Transformer
The neural network architecture behind GPT, Claude, and every modern LLM. Built on attention.

A transformer is a neural network that reads all of an input simultaneously and decides which parts matter for understanding each piece : rather than processing text sequentially word by word. The key innovation (from the 2017 paper “Attention Is All You Need”) is self-attention: for each word, the model learns how much to “attend to” every other word. This makes transformers massively parallelizable on GPUs and capable of capturing long-range dependencies.

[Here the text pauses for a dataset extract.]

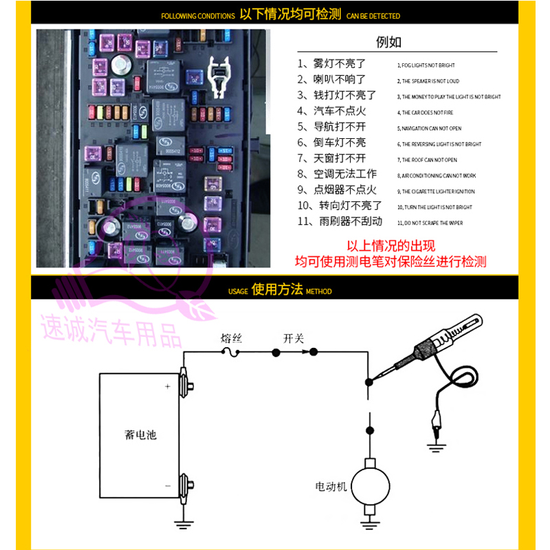 Car circuit wiring modification lighting fuse detection repair master 12V24V special LED bulb power pen
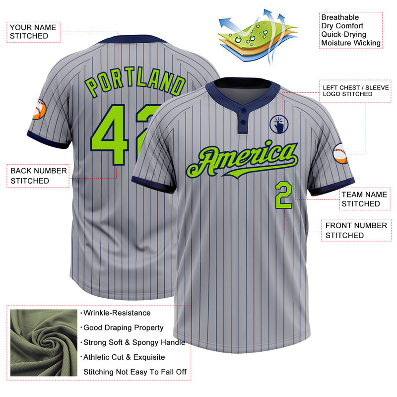 Custom Gray Navy Pinstripe Neon Green Two-Button Unisex Softball Jersey

Every major LLM today : GPT-4, Claude, Gemini, Llama : is a transformer. Differences are in scale, training data, and fine-tuning, not the fundamental architecture.
How It Works
Multiple attention heads run in parallel (grammar, meaning, position). Each head produces a weighted mix of all input positions. Feed-forward layers transform representations. Stack 96+ of these blocks and train on enough text and the model learns to reason. Context windows are limited because attention is O(n²) in sequence length.
Example
The lab uses transformer-based models across every project: Claude for analysis and code, DeepSeek for reasoning, Gemini for vision. Understanding the architecture explains why hallucinations happen (attention finds plausible patterns, not verified facts), why token limits matter (quadratic attention cost), and why fine-tuned specialists beat generalists on narrow tasks.